Academic journal article Defense Counsel Journal

Immunity Blanket Shields County Government

Academic journal article Defense Counsel Journal

Immunity Blanket Shields County Government

Article excerpt

FALSE CLAIMS ACT

In a False Claims Act (FCA) case filed more than eight years ago, the Third Circuit has held that a Pennsylvania county is not responsible for claims under the act because the statute mandates treble damages against a losing party. This mandatory punitive damages scheme would interfere with the immunity that local governmental units enjoy from those damages, the court held in United States ex rel. Dunleavy v. County of Delaware, 279 F.3d 219 (2002).

The litigation arose from a transaction dating back more than 25 years between the U.S. Housing and Urban Development and Pennsylvania's Delaware County, which had used HUD funds to purchase land on which it intended to build a park.

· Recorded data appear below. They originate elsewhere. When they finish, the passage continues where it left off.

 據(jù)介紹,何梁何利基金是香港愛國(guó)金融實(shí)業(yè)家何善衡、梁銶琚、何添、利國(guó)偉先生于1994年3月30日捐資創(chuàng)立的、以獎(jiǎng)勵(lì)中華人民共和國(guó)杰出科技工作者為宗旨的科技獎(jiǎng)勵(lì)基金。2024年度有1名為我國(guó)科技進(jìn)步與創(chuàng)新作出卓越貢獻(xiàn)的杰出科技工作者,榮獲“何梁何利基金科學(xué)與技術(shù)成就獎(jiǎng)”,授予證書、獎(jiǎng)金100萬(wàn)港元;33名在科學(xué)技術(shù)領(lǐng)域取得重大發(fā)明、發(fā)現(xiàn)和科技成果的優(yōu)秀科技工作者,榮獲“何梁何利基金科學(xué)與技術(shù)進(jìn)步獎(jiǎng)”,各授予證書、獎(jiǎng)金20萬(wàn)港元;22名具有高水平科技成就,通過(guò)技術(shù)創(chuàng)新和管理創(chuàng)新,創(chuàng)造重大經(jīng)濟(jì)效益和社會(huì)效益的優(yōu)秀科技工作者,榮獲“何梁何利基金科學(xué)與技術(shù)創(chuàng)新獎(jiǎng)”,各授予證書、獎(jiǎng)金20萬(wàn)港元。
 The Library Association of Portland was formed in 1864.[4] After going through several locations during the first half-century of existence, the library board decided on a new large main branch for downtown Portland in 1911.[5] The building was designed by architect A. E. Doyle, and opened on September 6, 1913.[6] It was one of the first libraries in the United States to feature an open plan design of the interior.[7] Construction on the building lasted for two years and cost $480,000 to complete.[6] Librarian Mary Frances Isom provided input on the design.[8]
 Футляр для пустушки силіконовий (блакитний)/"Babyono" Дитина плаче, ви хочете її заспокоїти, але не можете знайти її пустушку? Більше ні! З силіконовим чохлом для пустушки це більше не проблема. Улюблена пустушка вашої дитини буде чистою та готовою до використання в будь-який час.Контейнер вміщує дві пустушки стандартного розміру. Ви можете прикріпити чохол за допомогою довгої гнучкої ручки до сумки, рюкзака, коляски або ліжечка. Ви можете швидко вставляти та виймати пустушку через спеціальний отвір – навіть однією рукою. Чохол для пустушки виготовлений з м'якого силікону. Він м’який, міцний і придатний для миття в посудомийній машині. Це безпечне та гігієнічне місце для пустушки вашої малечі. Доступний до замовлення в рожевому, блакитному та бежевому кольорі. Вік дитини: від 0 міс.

Several years later, the county sold the property to the Pennsylvania Department of Transportation, which anticipated building a highway. The county put the HUD money into an interest-bearing account, which was established on the assumption that if the Department of Transportation did not use the property for a highway, the county would buy back the land. If the highway were built, then the county would return the funds, with interest, to HUD. A highway was constructed on the land in 1991.

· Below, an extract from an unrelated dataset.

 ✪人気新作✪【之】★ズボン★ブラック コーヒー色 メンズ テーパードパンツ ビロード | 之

The whistle-blower plaintiff, who had been a consultant to the county on HUD regulatory requirements, filed a lawsuit under the False Claims Act as a relator for the federal government. He alleged that the county's use of the HUD funds violated the act. According to his complaint, the county occasionally used the funds from the special bank account for general county purposes, which was an improper use of the funds, and the county also had failed to comply with various HUD reporting requirements.

After the action was commenced, HUD demanded that the county repay $1. …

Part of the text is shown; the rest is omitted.